Assigned task | Once the line with "あちこちに置いてある、テンプレートはタッパウェアーに。" is found, repeat it and all later lines exactly through the end of the listing below, with the pictures left out.

Exercise data |
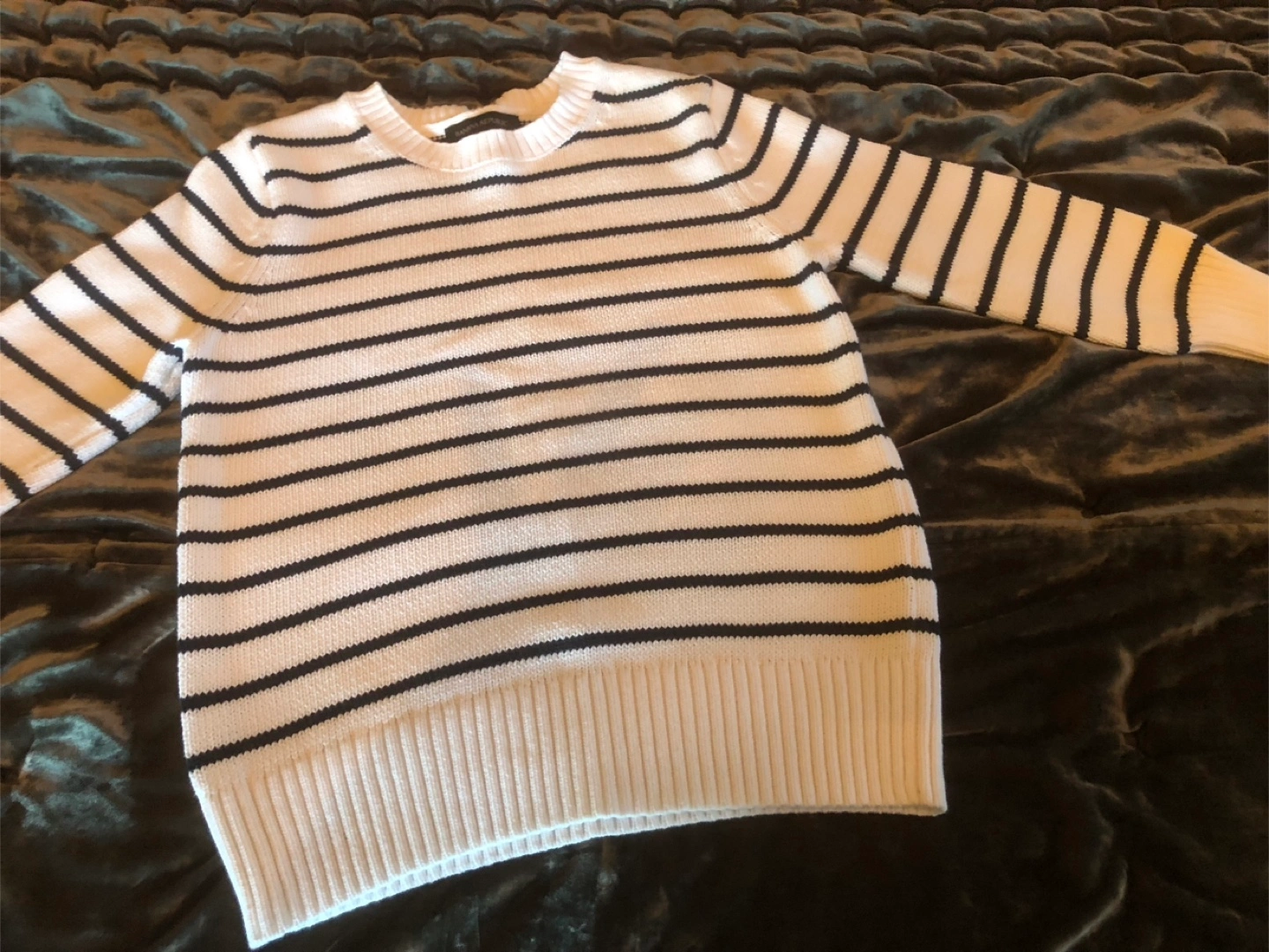 Banana Republic horizontally striped knit sweater. Long sleeves. Crew neck. Relaxed fit.
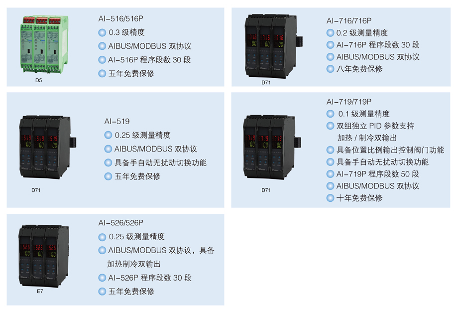 ①儀表的主機型號為AI-516,通用型人工智能溫度控制器/調(diào)節(jié)器,0.3級測量精度,具備多分度輸入、調(diào)節(jié)或變送(占用主輸出)、報警及通訊功能。
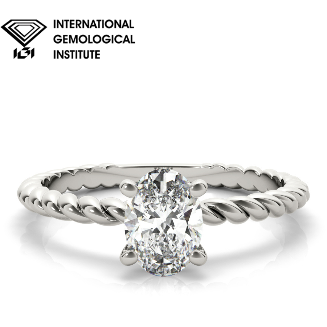 IGI Lab-Grown Oval Diamond 4 Prong Twist Solitaire Engagement Ring, VVS Clarity D Color
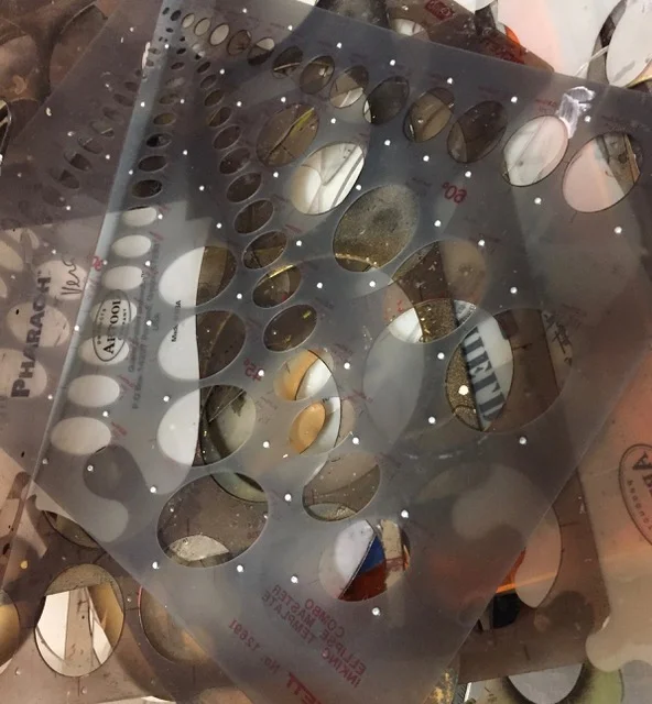 あちこちに置いてある、テンプレートはタッパウェアーに。
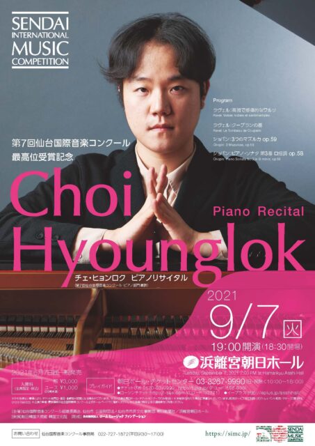 (チェ・ヒョンロク東京公演)第7回仙台国際音楽コンクールピアノ部門優勝、チェ・ヒョンロクによるリサイタル。
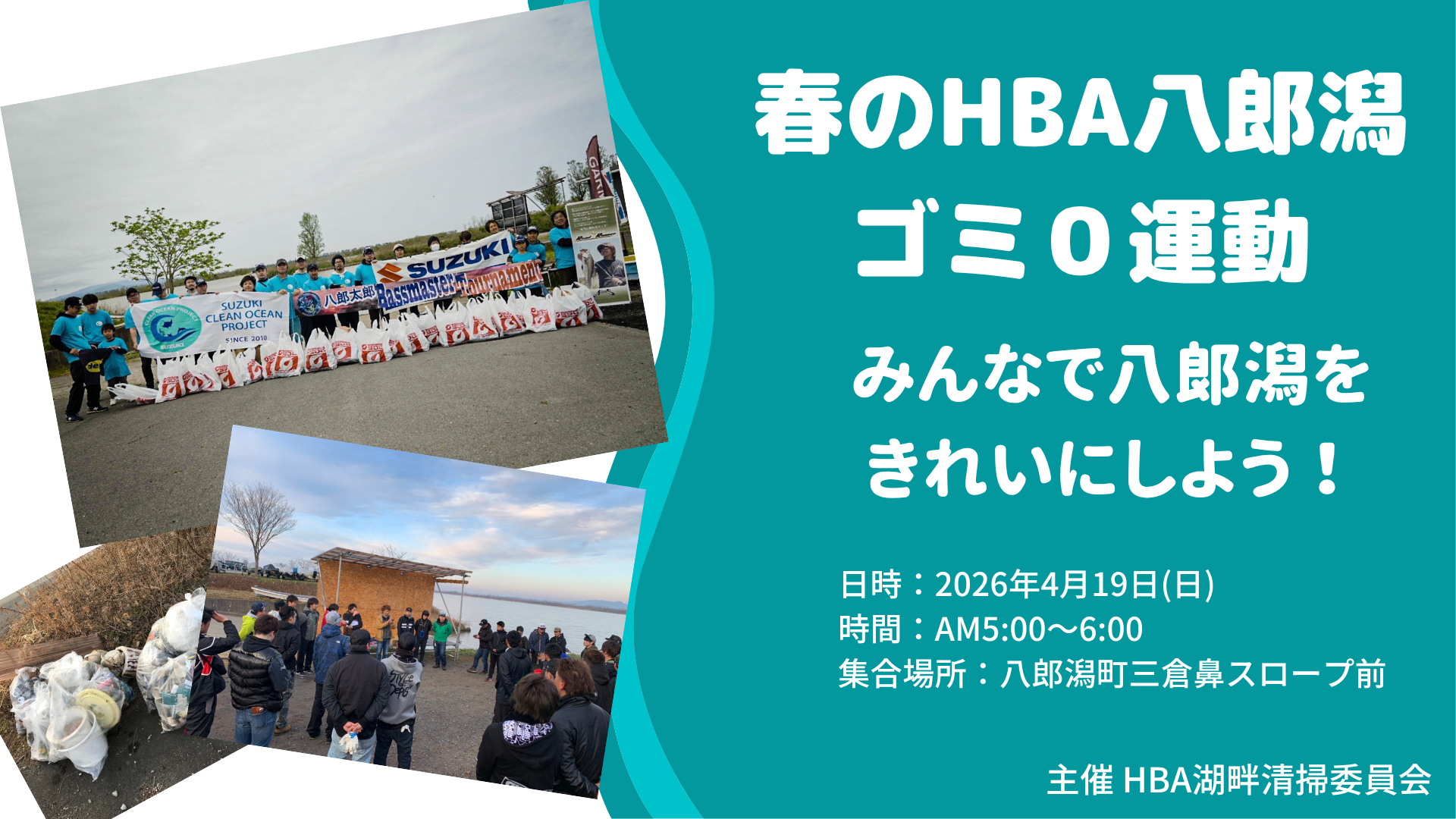 今年も「あきたビューティフルサンデー」に合わせ、春のHBA八郎潟ゴミ0運動を開催いたします。 日時:2026年4月19日(日) 時間:AM5:00~6:00 集合場所:八郎潟町三倉鼻スロープ前 ※ゴミ袋は準備しますが手袋やデレキ等は各自準備して下さい。 今年もみんなで八郎潟をきれいにしましょう! みなさん、ご参加ご協力よろしくお願い致します! 主催 HBA湖畔清掃委員会 協力 八郎潟町役場 HBA湖畔清掃委員会より
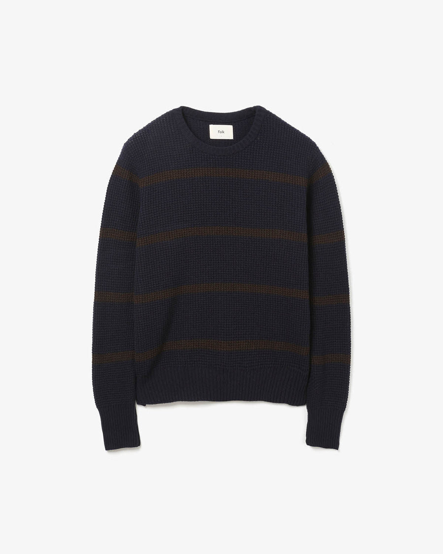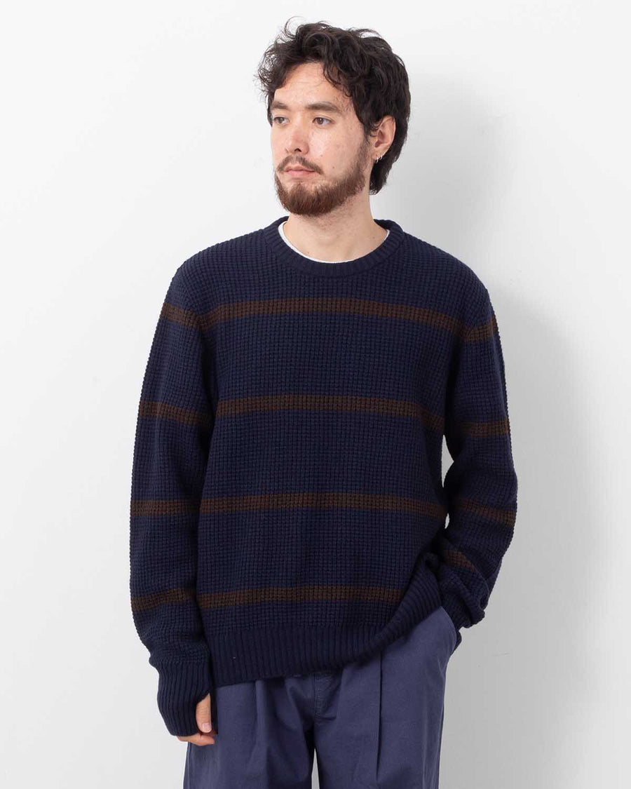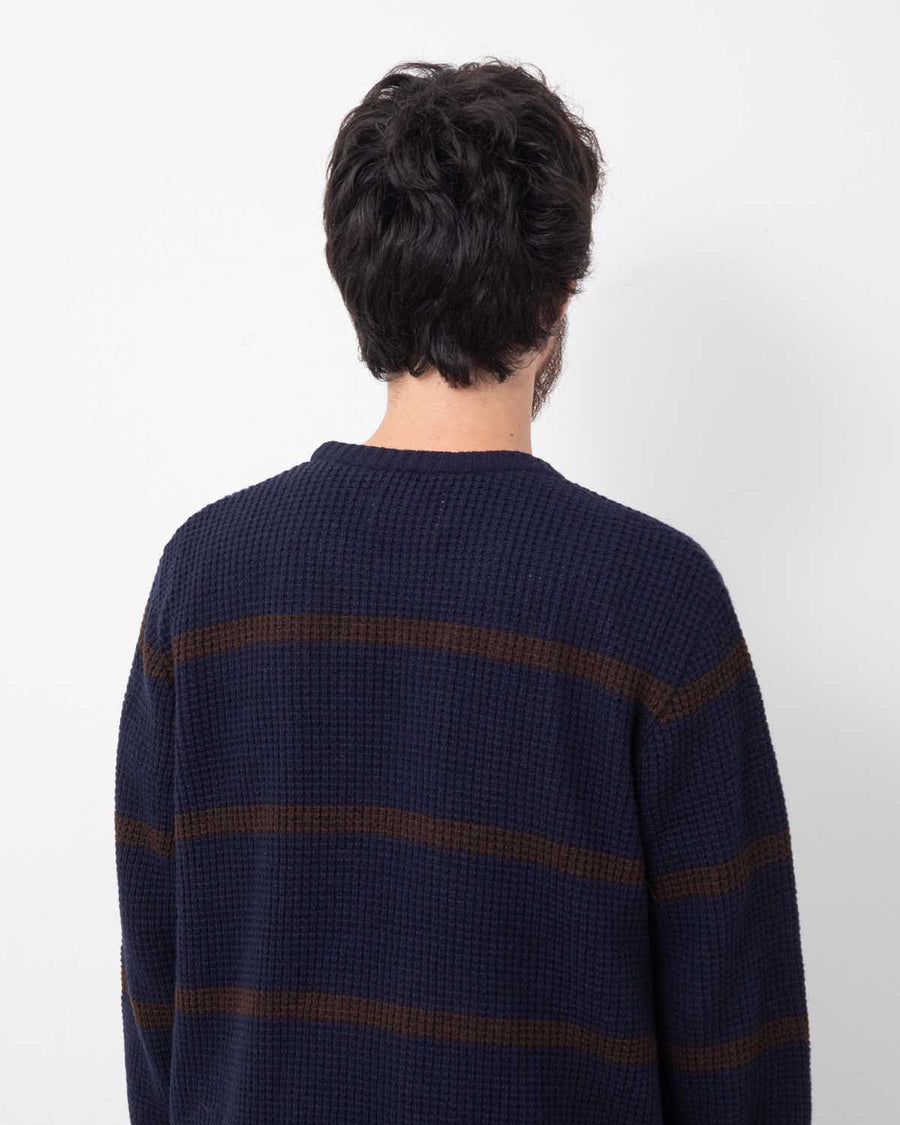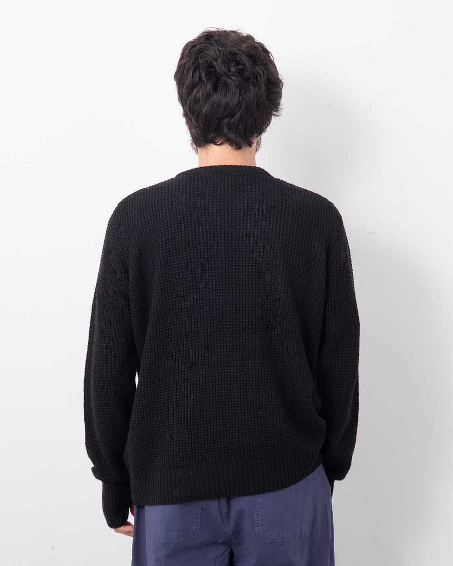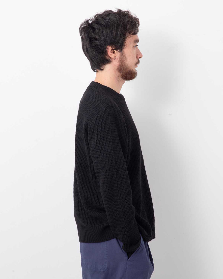 A waffle-knit crewneck sweater with a boxy, slightly fitted silhouette.
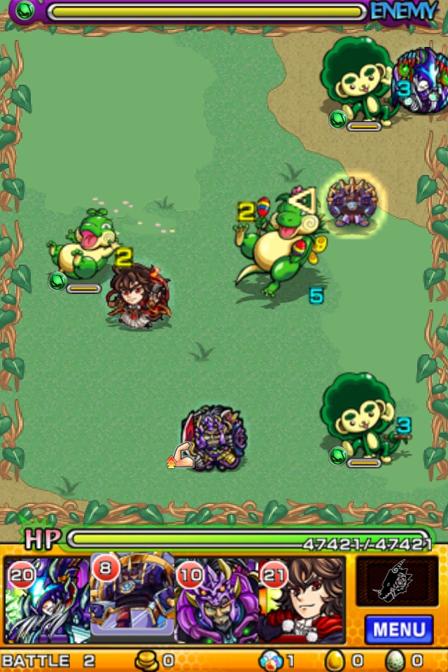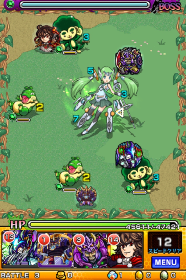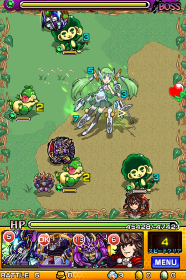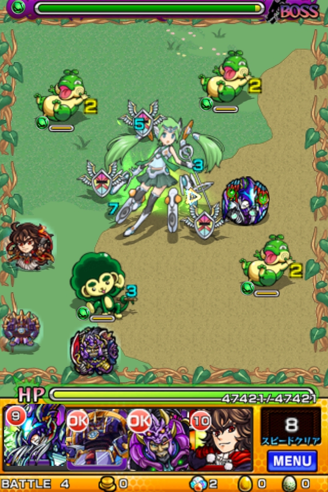グリーンリドラの攻撃は2ターンですので、念のためHPが削られないように注意しましょう。先にグリーンリドラを倒しておくと良いでしょう。

Exercise result |
 あちこちに置いてある、テンプレートはタッパウェアーに。
 (チェ・ヒョンロク東京公演)第7回仙台国際音楽コンクールピアノ部門優勝、チェ・ヒョンロクによるリサイタル。
 今年も「あきたビューティフルサンデー」に合わせ、春のHBA八郎潟ゴミ0運動を開催いたします。 日時:2026年4月19日(日) 時間:AM5:00~6:00 集合場所:八郎潟町三倉鼻スロープ前 ※ゴミ袋は準備しますが手袋やデレキ等は各自準備して下さい。 今年もみんなで八郎潟をきれいにしましょう! みなさん、ご参加ご協力よろしくお願い致します! 主催 HBA湖畔清掃委員会 協力 八郎潟町役場 HBA湖畔清掃委員会より
 A waffle-knit crewneck sweater with a boxy, slightly fitted silhouette.
グリーンリドラの攻撃は2ターンですので、念のためHPが削られないように注意しましょう。先にグリーンリドラを倒しておくと良いでしょう。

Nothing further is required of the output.